2. Multilayer design and fabrication
The selection of capping layer material candidates was based on simulations performed with the goal of improving peak reflectance at 30.4 nm, while simultaneously optimizing the reflectance at 121.6 nm and in the visible range. We focused principally on non-toxic and stable metals for the top-most layer of the cap, with iridium (Ir), ruthenium (Ru) and tungsten (W) emerging as the best choices. The final optimization of the capping layer design uses an analysis of the standing wave distribution throughout the film stack in order to maximize the peak reflectance at the target wavelength ; this technique was developed for EUV lithographic applications [19, 20]. The underneath Mo/Si periodic structure, optimized for peak reflectance at 30.4 nm with a 5° incidence angle, was designed using IMD software  and its parameters are reported in Table 1 .
Optimized capping layer structure parameters are reported in Table 2 . Ir is an attractive candidate due to its resilience to oxidation and its widely use in space applications. For this investigation, Ir top layers were coupled with either Mo (CL1) or Si (CL2) underlayers. These two alternatives have been considered in order to explore possible different behaviors at the Ir interfaces. Ru is also an attractive candidate material due to its demonstrated stability in harsh environments in EUV lithography applications, even though Ru can form an oxide. The Ru capping layer design (CL3), is coupled with a Mo layer is used in order to avoid inter-diffusions with the Si top layer of the underlying Mo/Si coating . The fourth capping layer structure uses a single W layer. Periodic multilayers containing W are widely used for X-ray applications . Intermixing between W and Si is expected, similar to the intermixing found in Mo/Si multilayers, with formation of tungsten silicides; W is also expected to oxidize upon exposure to air.
The optical performance of the capped multilayers are compared with the reference standard structure reported in Table 1, The reference standard is a periodic Mo/Si ML with a 2-nm-thick Si layer cap; this top Si layer is expected to oxidize after exposure to air, forming a SiO2 layer approximately 1 nm in thickness.
The calculated peak reflectance values are also shown in Table 2, computed assuming perfectly smooth, sharp interfaces. For these calculations we have used the optical constants provided by the Center for X-ray Optics for amorphous Si, Ir, Ru and W and those from Tarrio et al [24, 25] for Mo. These simulations show that all the capped structures have higher reflectance relative to the standard Mo/Si reference structure.

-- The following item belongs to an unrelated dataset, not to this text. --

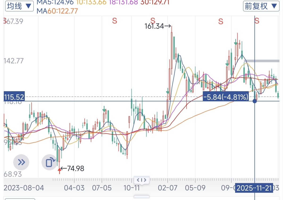 115.52中枢震荡平台支撑位。跌破就奔这100去了,不跌破就重新走新的上升趋势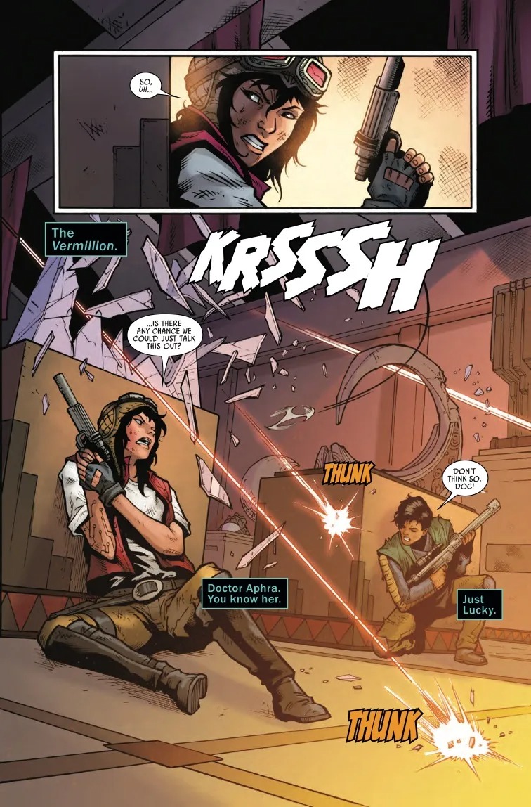 CRIMSON DAWN is back, and DOCTOR APHRA is trapped aboard their ship! What treasures lie aboard the VERMILLION? And what price will Aphra have to pay to obtain them?

Prototype multilayer structures were deposited at Reflective X-ray Optics LLC (New York, USA) by DC magnetron sputtering onto polished Si(100) substrates measuring 16 mm x 16 mm, using a system that has been described previously .
3. Reflectance test
3.1 EUV reflectance measuremen
The EUV reflectance of CL1, CL2 and CL4 along with the reference Mo/Si multilayer (REF) were measured approximately two weeks after deposition at BEAR beamline at ELETTRA Synchrotron (Trieste, Italy) . Reflectance measurements were made over the 26 – 34 nm spectral range with a 5° beam incidence angle. Due to scheduling difficulties, multilayer CL3 was measured at beamline 6.3.2 at ALS (Berkeley, California USA) three weeks later using the same measurement parameters as used at BEAR. In order to compare the measurements performed at the two beamlines, CL1 was also re-measured at ALS and we find excellent agreement with the BEAR results. In Fig. 1 we show the experimental reflectance data for CL1, CL2, CL3 and REF, along with fits to these curves. Reflectance data for CL4 are shown in Fig. 3 .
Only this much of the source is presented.